Rum’s voice had long lost its apathetic tone, but now, she sounded agitated.
“I figured I could find the village they were all herded in. If I freed their wives and children, it would be child’s play to coax them into giving me a horse – maybe even some supplies.”
Wait, so she really was planning to abandon us?
“Weren’t you worried about the contract kicking in?”
A sound resembling a chuckle escapes Rum’s body.
“Do you think I just enjoyed working as a porter for The Five Thousand?” Her voice continues to get more emotive. “If I was going to be turned into a serf, or a slave, then at least I had experience…”
Pieces of the puzzle I thought I’d figured out suddenly stopped fitting in.
“Then… why did you come back?”
Rum briefly stops her recounting. Her eyes close, presumably visualizing something.
“By the time I got there, there wasn’t even smoke left.”
Fulgir’s face flashes across my mind’s eye, and I shiver.
“Each house was reduced to ash. Every body I found had charred beyond the point of recognition – charcoal statues that died trying to shield their–”
Unconsciously, my hand reached out to hold hers. Both of us know how out of character this is for the other. Neither of us stop.
“He couldn’t live after doing something like that,” she stammers, “it wouldn’t have been right…”
Unexpectedly, Rum squeezes my hand tighter.
“I kept trying to explain it to myself: that it was necessary, that it was honorable…”
She stifles a sob.
“And all it got me was an eye to match my stub.”
I put my injured hand onto Rum’s. She stops trying to stifle the sound, and for a while, we stay completely still.
A few thousand paces north from Cupram fishing village, the local Lord watches anxiously as the sun continues to rise up from the horizon, unimpeded. Currently, he’s pacing around the village chief’s personal cottage, wondering why none of his men have reported the lightning magus’ arrival. The mercenaries he was instructed to hire were supposed to be cannon fodder – the time they bought was well-spent reinforcing the external defenses of Stannum Village, which should’ve been Fulgir’s next target.
Just then, Völl, the contract magus, entered the cottage without knocking.
“Well?! Where the hell is the lightning magus? And the mercenaries, for that matter?”
“Fulgir is dead. That rag-tag trio we hired actually pulled it off.” Paradoxically, he sounded more upset than his employer.
A mixture of pleasure, confusion, and foreboding emulsified in the Lord’s mind.
“…They killed him? You told me they were useless – magickless, even – so how does that…”
“I don’t know – you’re not the only one this royally fucks over.”

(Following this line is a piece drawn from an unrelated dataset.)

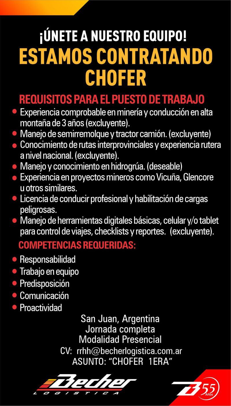Chofer de 1° categoría que tenga orientación por la seguridad, trabajo en equipo y la excelencia operativa.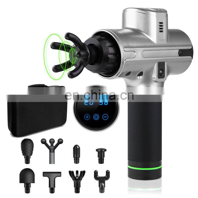 LCD сенсорный экран, 20 скоростей регулировки, 8-шести головка, бесщеточный двигатель, вращающийся новый стенд, жёсткий спортивный массажный пистолет Amazon для спортсменов

A harsh realization washes over the large man.
“My 7 golds..?”
For a second, Völl was too stunned to speak.
“Golds? Golds?!”
The contract magus pushed the Lord up against the wall in a blind rage.
“Listen close – the man who lent me to help you has spent a lot of money trying to get ahold of that mercenary trio. It takes a lot of funds to smuggle someone out from Helvia into Ferroth, and now, I have to tell him that those three nobodies just wasted the lightning magus after he’s finally made it here.”
The Lord doesn’t understand – Fulgir had been terrorizing his territory for weeks… but if he was hired..? The man tries to call out for help, but Völl’s hands suffocate his voice into an incoherent mumble.
“I have to leave as soon as possible to report this, but before I do…”
The magus’ grip tightens.
“…you’ll be signing some contracts for me.”